# Accelerating Virtual Screening of Compund Libraries

Péter Szántó, Béla Fehér Dept. of Measurement and Information Systems Budapest University of Technology and Economics Budapest, Hungary {szanto, feher}@mit.bme.hu

*Abstract*—The aim of virtual screening is to find compounds in libraries which exhibit the required properties. These properties are represented in fingerprints; during the screening process the descriptors of the compounds are compared to each other and a dissimilarity score is calculated. As compound libraries typically contain a large amount of fingerprints, comparison using CPUs takes a very long time. This paper presents hardware architecture for FPGAs which can drastically shorten the time required for screening.

#### I. INTRODUCTION

The virtual screening process uses two large compound databases which contain molecular descriptors. The aim of the process is to find compounds in the *search database* which are dissimilar to the compounds in the *reference database*. Thus, each descriptor in the *search database* is compared to the descriptors in the *reference database* and a dissimilarity score is computed. The screening process accepts compounds in the *search database* which have dissimilarity score larger than a predefined threshold value; other compounds are rejected during the calculation.

As a general definition, a molecular descriptor is nothing more than a set of values associated with the 2D or 3D structure of the molecule. The presented hardware architectures support the most widely used descriptors, namely binary and pharmacophore fingerprints. There are numerous methods to generate the dissimilarity score for two molecule descriptors (e.g. Euclidean distance, Tanimoto metric), the accelerator employs the most popular method, the Tanimoto coefficient.

## A. Tanimoto distance for binary fingerprints

Binary fingerprints are a set of binary values. Each binary value represents the presence or the absence of given chemical properties. During the fingerprint generation linear paths consisting bonds and atoms are detected; for each different paths (patterns) a set of bits in the fingerprint is set. It is allowed that different patterns set the same bit (this is often referred as bit collision), therefore fingerprint generation is a non-reversible process. Increasing the number of bits in the molecular fingerprint increases the information storing capability of the descriptor and reduces the Attila Bérces Chemistry Logic Ltd.

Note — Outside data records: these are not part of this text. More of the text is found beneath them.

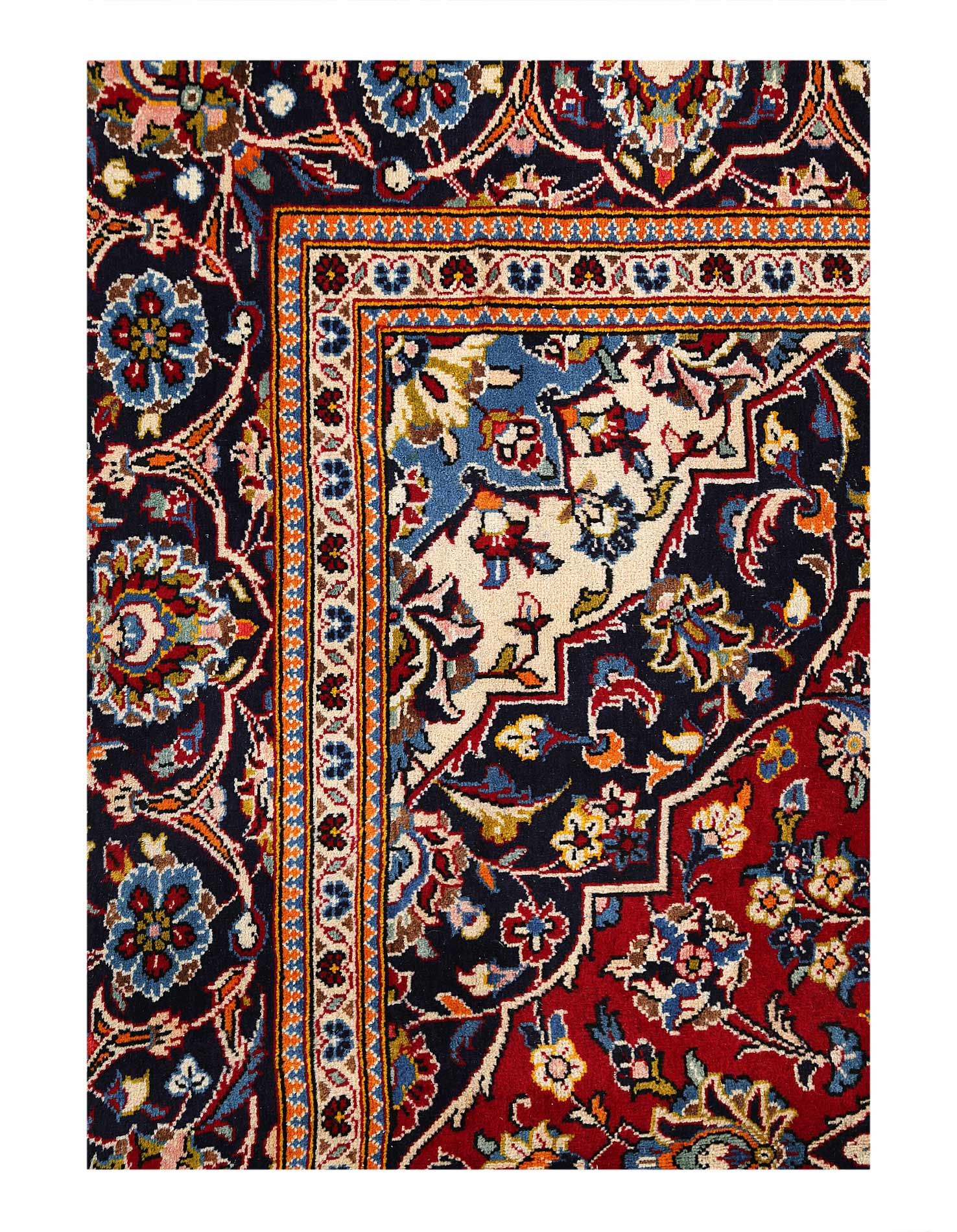 Beautiful and Finely Woven Antique Persian Kashan Rug, Country Of Origin: Persia, this inscribed Semi antique Persian carpet features an incomparable medallion-and-pendant cartoon spread over an immense palace-sized field. The distinctive offered composition focuses on a superb ovel medallion embellished with re-curving calyces and undulating ribbons. An expanse of spiraling vine-scrolls adorns the fiery brick-colored ground that encircles the stunning medallion and cuts into the decorative inner borders, which are filled with a lush network of millennium forests that complement the superlative borders. Ogival arches and ornamental niches give the regal composition an architectural formality infused with Persian geometry. The expansive field of this beautiful Semi antique Persian Kashan rug is framed by outstanding flower head borders that are drawn with an extraordinary level of finesse and detail. Subtle color changes, minute outlines and expert compositional details exaggerate the extreme beauty of this rug from Kashan.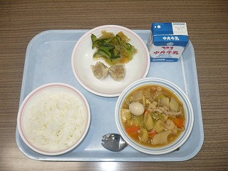 ご飯 牛乳 八宝菜 焼売(シュウマイ) 糸寒天のナムル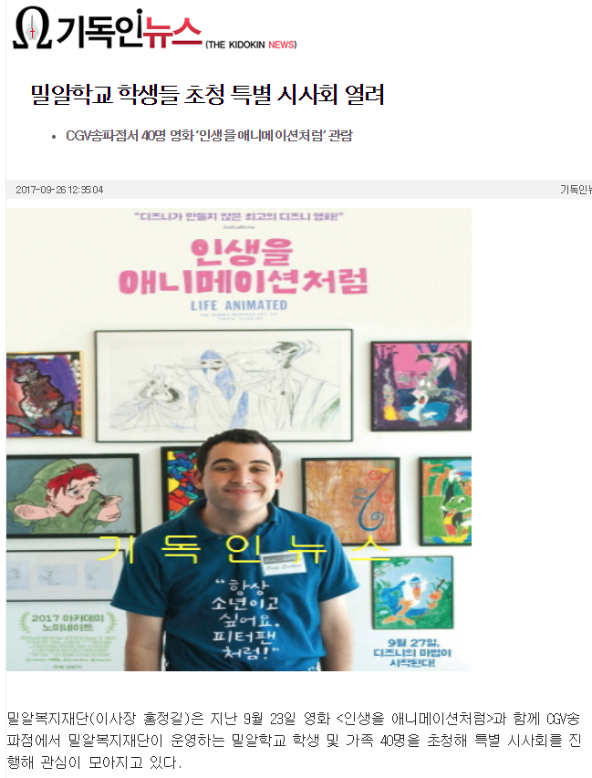 [한국사진방송] 영화 <인생을 애니메이션처럼>, 밀알학교 학생들 초청 특별 시사회 진행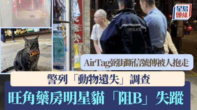 旺角藥房明星貓「阻B」驚傳失蹤 弼街AirTag信號斷絕 警列「動物遺失」調查
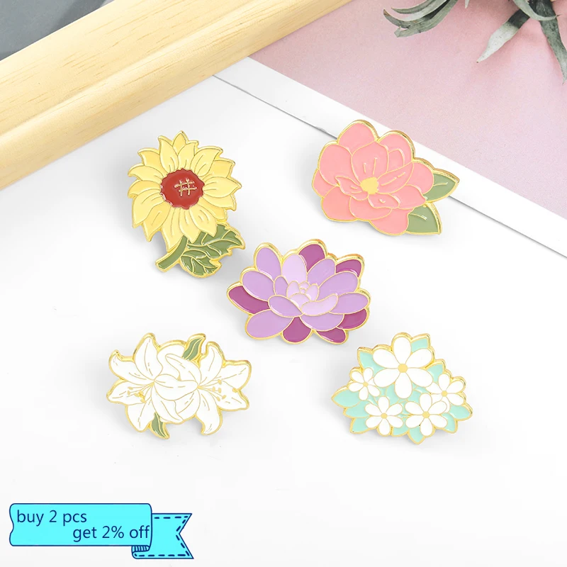 Эмалированная булавка с цветами сотни цветов, индивидуальный значок гардении, подсолнечника, лилии, лотоса, вишни, мешочек для брошек на лацкан, Ювелирное Украшение в подарок

Nyúl, Hungary attila.berces@chemistrylogic.com

possibility of bit collisions. However, too long fingerprints decrease the information storage efficiency and increases the time required for the screening process. Generally, 512 bit fingerprints offer a good compromise, but for similarity calculations 1024 bit descriptors often considerably improves the selectivity.

For binary fingerprints, the Tanimoto similarity coefficient is defined with the following equation.

$$S_{a,b} = \frac{c}{a+b-c},\tag{1}$$

Where  $S_{a,b}$  is the similarity coefficient, *a* is the number of '1' bits in the *reference fingerprint*, *b* is the number of '1' bits in the *search fingerprint* and *c* is the number of '1' bits which can be found in both fingerprints.  $S_{a,b}$  results in value of 1 for similar fingerprints and in value of 0 for different fingerprints. During the screening process, dissimilarity is the useful information, therefore in this application the Tanimoto dissimilarity metric is used, which can be generated from the similarity metric straightforwardly:

$$D_{a,b} = 1 - S_{a,b} = 1 - \frac{c}{a+b-c},$$
(2)

For every *reference molecule*, the screening process results in a set of *search database* molecules, where the dissimilarity metric is larger than a pre-defined threshold value, that is:

$$D_{a,b} = 1 - S_{a,b} = 1 - \frac{c}{a+b-c} > D_{\text{limit}},$$
 (3)

Rearranging Eq. 3.:

$$\frac{a+b-2c}{a+b-c} > D_{\text{limit}} , \qquad (4)$$

Furthermore:

$$a+b>c*\frac{2-D_{\text{limit}}}{1-D_{\text{limit}}}$$
(5)

The advantage of Eq. 5. compared to the original expression is that for a defined threshold value the factor of c is constant.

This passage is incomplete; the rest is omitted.